# [EXTRACTED DATA]
· · · ·
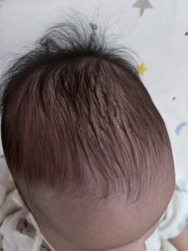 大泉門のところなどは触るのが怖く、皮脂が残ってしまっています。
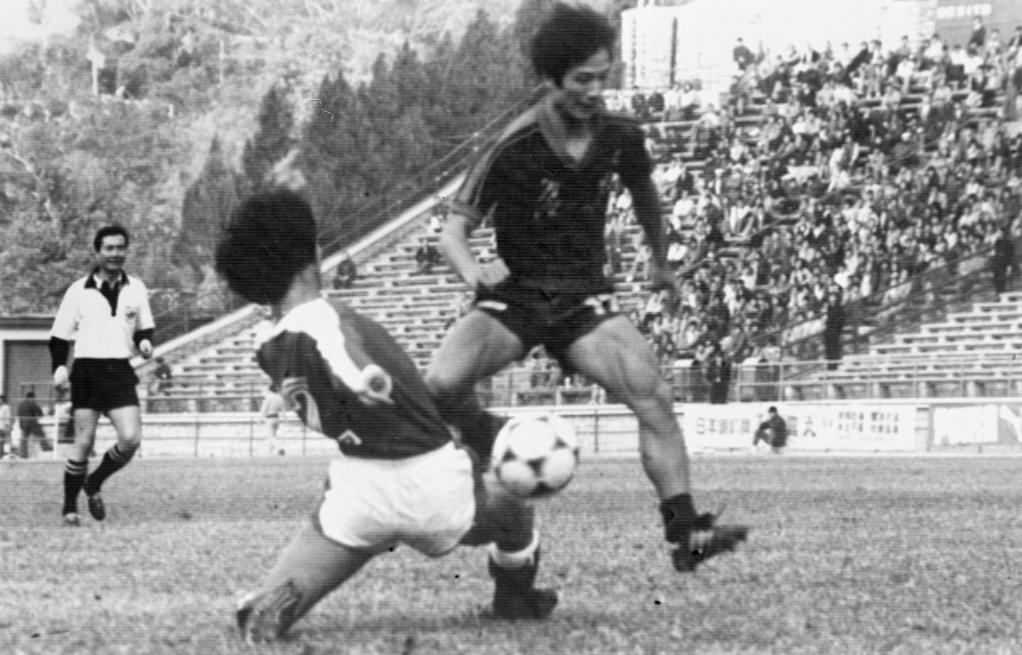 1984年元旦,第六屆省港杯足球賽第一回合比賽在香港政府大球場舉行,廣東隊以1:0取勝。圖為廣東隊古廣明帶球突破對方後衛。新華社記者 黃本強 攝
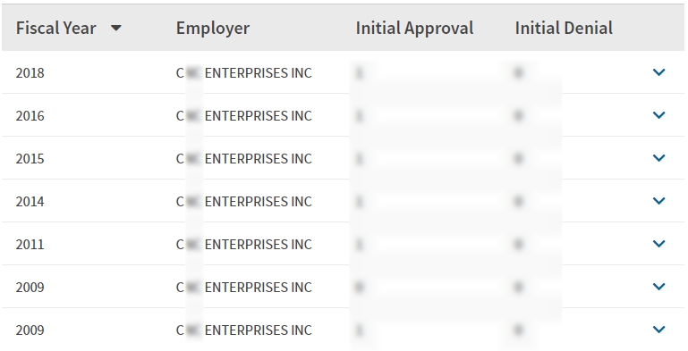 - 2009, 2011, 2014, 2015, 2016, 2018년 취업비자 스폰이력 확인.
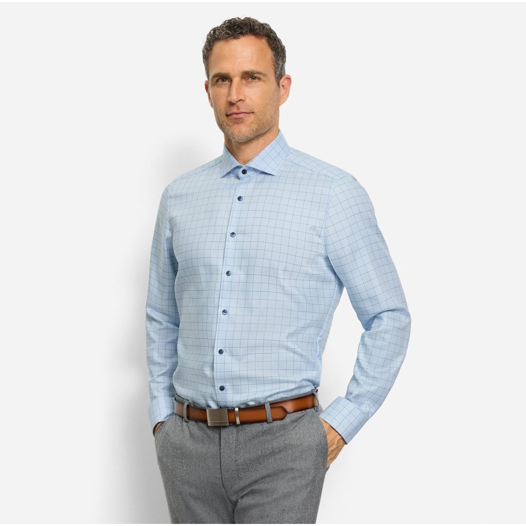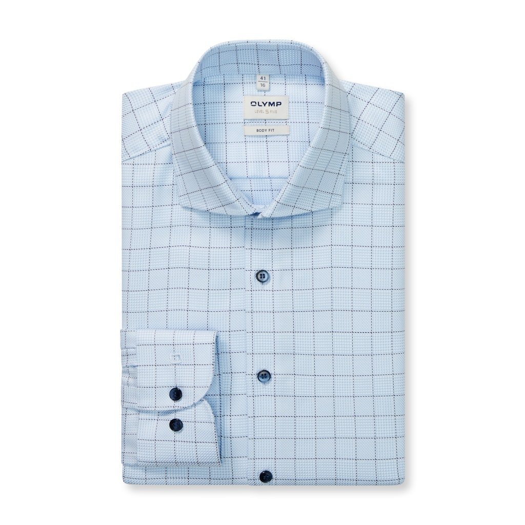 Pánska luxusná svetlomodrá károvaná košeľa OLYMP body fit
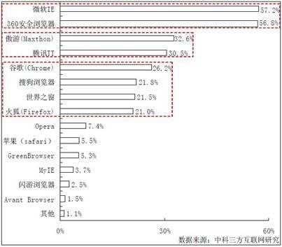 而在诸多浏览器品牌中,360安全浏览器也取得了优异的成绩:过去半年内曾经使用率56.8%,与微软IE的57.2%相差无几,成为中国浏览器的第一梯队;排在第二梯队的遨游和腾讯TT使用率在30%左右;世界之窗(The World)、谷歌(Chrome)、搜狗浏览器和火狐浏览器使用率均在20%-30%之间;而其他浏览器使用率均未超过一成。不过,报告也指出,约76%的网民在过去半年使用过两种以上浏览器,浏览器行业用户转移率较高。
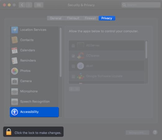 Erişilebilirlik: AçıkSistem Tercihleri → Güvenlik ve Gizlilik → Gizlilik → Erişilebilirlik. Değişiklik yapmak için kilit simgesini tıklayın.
· · · ·
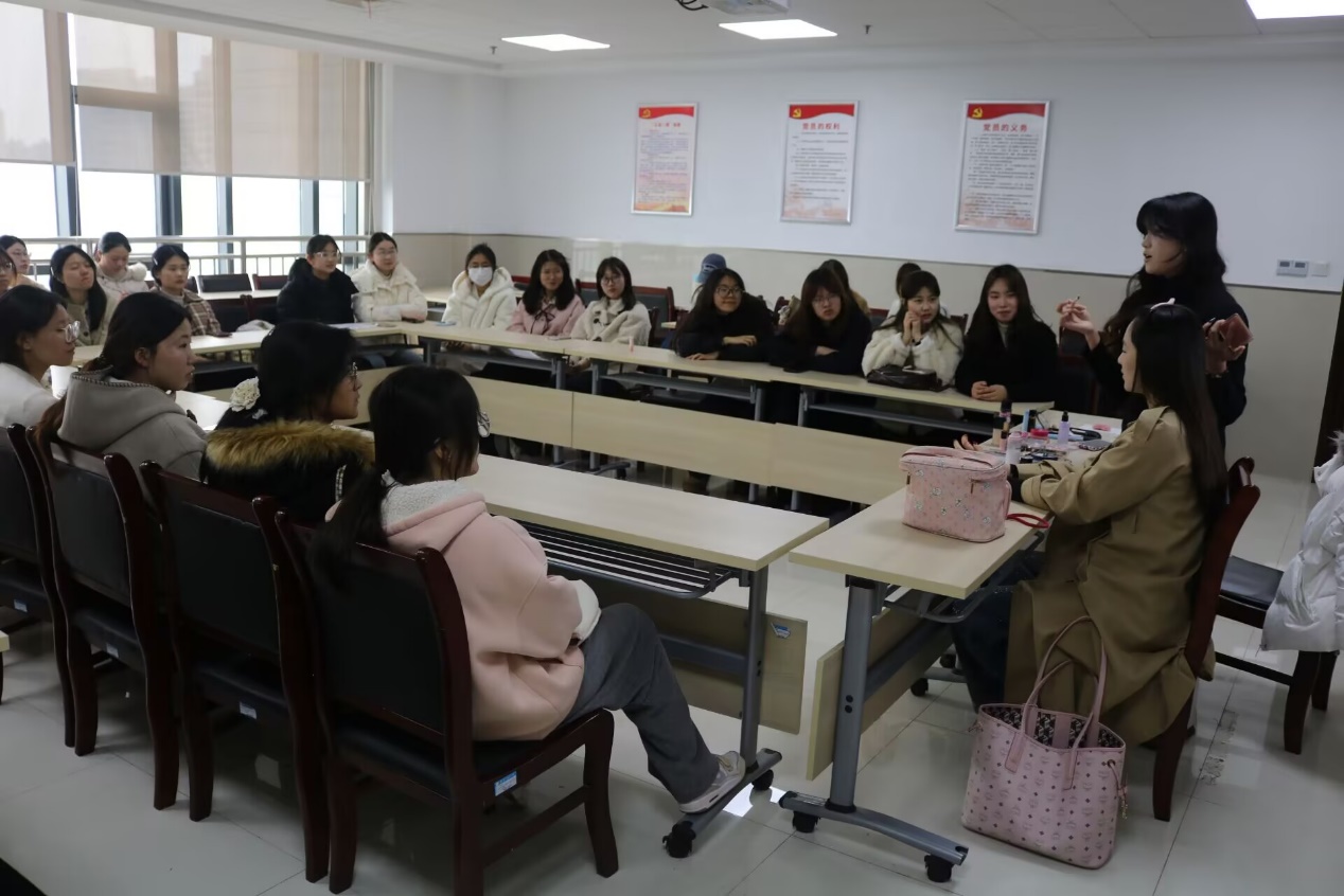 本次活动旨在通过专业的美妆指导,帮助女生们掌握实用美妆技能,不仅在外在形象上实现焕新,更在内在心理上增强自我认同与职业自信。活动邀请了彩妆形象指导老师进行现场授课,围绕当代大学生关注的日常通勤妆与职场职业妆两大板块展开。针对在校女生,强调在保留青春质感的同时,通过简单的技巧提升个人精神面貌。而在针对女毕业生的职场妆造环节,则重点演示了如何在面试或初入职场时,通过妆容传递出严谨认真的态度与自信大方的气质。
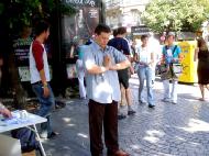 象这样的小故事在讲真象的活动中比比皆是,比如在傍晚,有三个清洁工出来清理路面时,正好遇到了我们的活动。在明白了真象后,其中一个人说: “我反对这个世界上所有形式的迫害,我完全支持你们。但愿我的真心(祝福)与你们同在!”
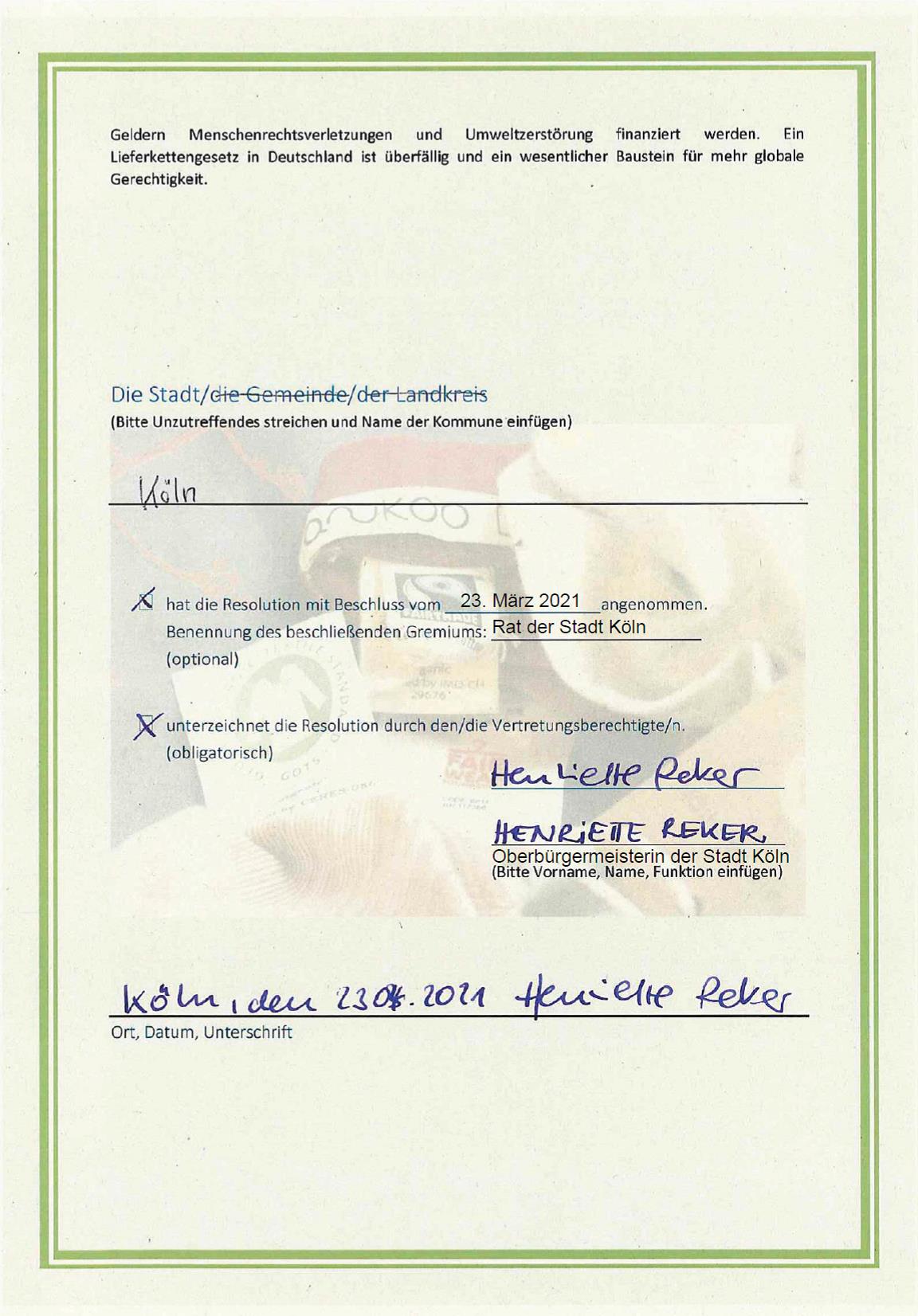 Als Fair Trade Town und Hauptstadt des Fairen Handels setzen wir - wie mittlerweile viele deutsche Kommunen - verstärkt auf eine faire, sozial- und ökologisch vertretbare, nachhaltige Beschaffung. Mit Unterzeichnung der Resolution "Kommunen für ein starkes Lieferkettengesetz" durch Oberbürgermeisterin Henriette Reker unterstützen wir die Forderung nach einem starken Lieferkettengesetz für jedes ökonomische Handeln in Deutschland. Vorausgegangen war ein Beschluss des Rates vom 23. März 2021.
· · · ·
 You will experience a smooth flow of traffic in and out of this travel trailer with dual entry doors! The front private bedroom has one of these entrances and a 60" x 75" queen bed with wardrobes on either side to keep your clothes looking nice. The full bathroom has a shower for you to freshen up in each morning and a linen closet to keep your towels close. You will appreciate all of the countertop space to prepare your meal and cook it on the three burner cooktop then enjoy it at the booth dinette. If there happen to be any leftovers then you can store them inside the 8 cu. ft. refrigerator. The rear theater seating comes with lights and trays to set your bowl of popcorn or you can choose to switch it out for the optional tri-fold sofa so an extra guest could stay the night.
· · · ·
# [EXERCISE PROMPT]
Nothing except the lines from the one containing "本次活动旨在通过专业的美妆指" through the one containing "象这样的小故事在讲真象的活动" should appear in the answer, exactly as above and without pictures.

# [ANSWER BOX]
 本次活动旨在通过专业的美妆指导,帮助女生们掌握实用美妆技能,不仅在外在形象上实现焕新,更在内在心理上增强自我认同与职业自信。活动邀请了彩妆形象指导老师进行现场授课,围绕当代大学生关注的日常通勤妆与职场职业妆两大板块展开。针对在校女生,强调在保留青春质感的同时,通过简单的技巧提升个人精神面貌。而在针对女毕业生的职场妆造环节,则重点演示了如何在面试或初入职场时,通过妆容传递出严谨认真的态度与自信大方的气质。
 象这样的小故事在讲真象的活动中比比皆是,比如在傍晚,有三个清洁工出来清理路面时,正好遇到了我们的活动。在明白了真象后,其中一个人说: “我反对这个世界上所有形式的迫害,我完全支持你们。但愿我的真心(祝福)与你们同在!”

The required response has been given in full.